Provided material »

┌──

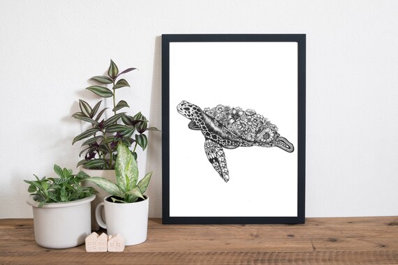 Turtle Print Hand Drawn Home Decor Wall Art Etsy
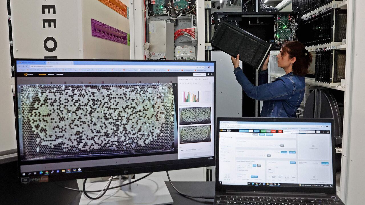 An engineer sets up new beehives, part of the high-tech Beehome project, in Israel's Kibbutz Bet Haemek in the northern Galilee, on May 14, 2022. - They function as normal hives, but apiaries built at a kibbutz in Israel's Galilee are decked out with high-tech artificial intelligence systems set to ensure longevity for these vital pollinators. (Photo by JACK GUEZ / AFP) (Photo by JACK GUEZ/AFP via Getty Images)
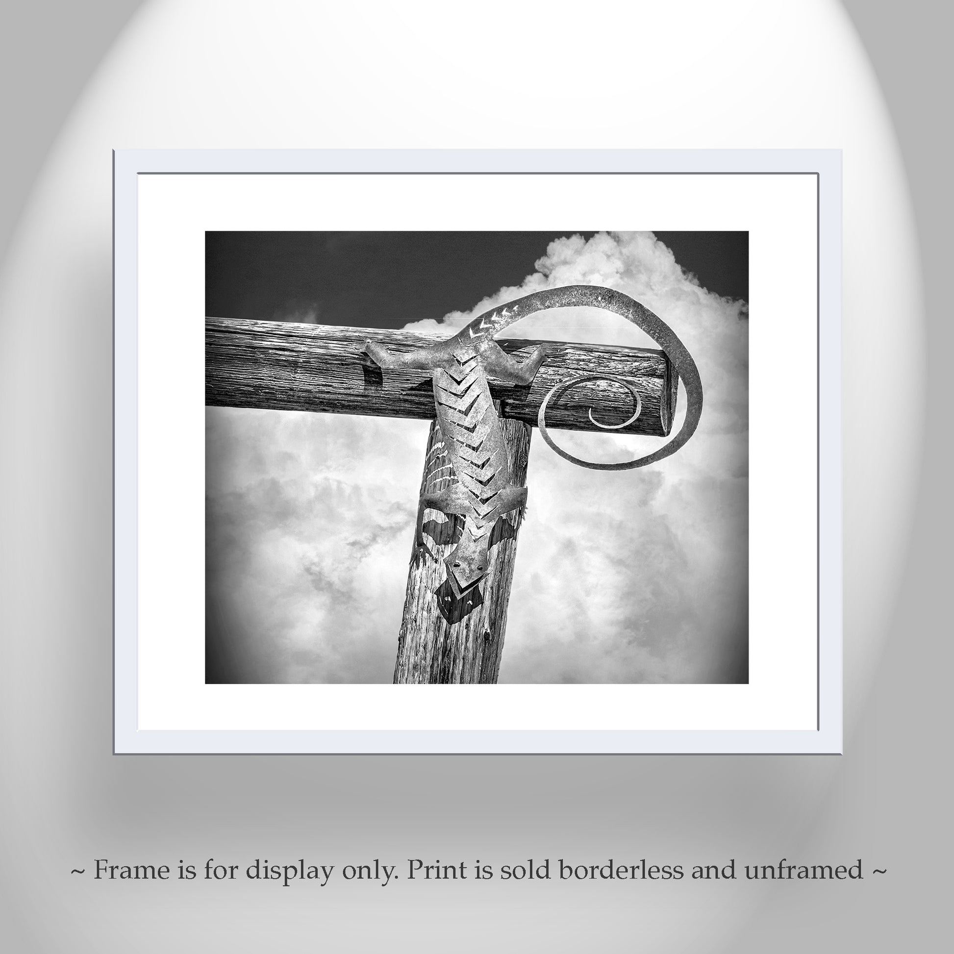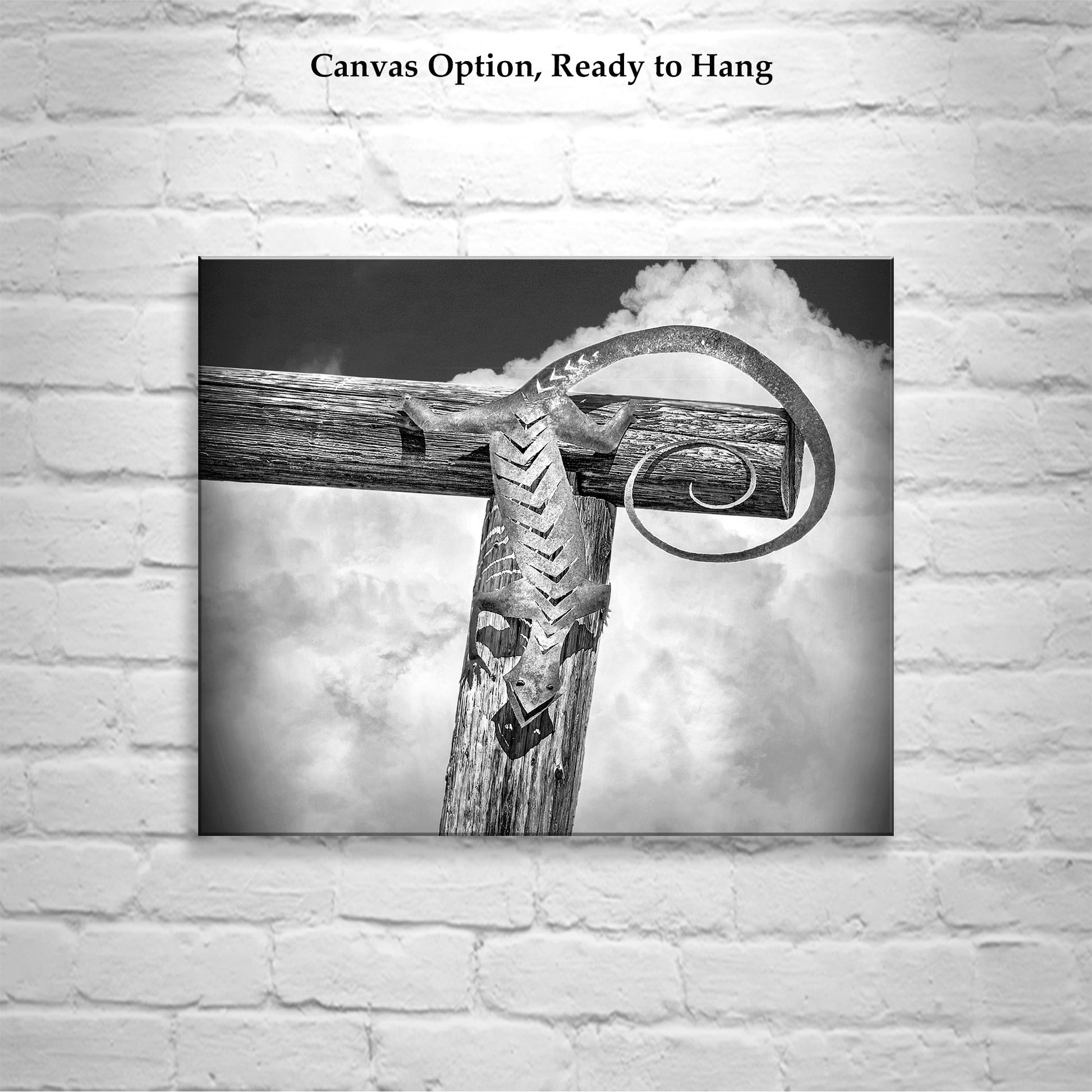 From the southern Arizona outback, a metal lizard sculpture rests on a wooden ranch gate and eyes me warily! Photographed in the San Pedro River Valley, Arizona USA. Original, unique signed art by Murray Bolesta!

└──

Problem requirements »
Line by line, reproduce the material above exactly, leaving each picture out.

Problem solution »
 Turtle Print Hand Drawn Home Decor Wall Art Etsy
 An engineer sets up new beehives, part of the high-tech Beehome project, in Israel's Kibbutz Bet Haemek in the northern Galilee, on May 14, 2022. - They function as normal hives, but apiaries built at a kibbutz in Israel's Galilee are decked out with high-tech artificial intelligence systems set to ensure longevity for these vital pollinators. (Photo by JACK GUEZ / AFP) (Photo by JACK GUEZ/AFP via Getty Images)
 From the southern Arizona outback, a metal lizard sculpture rests on a wooden ranch gate and eyes me warily! Photographed in the San Pedro River Valley, Arizona USA. Original, unique signed art by Murray Bolesta!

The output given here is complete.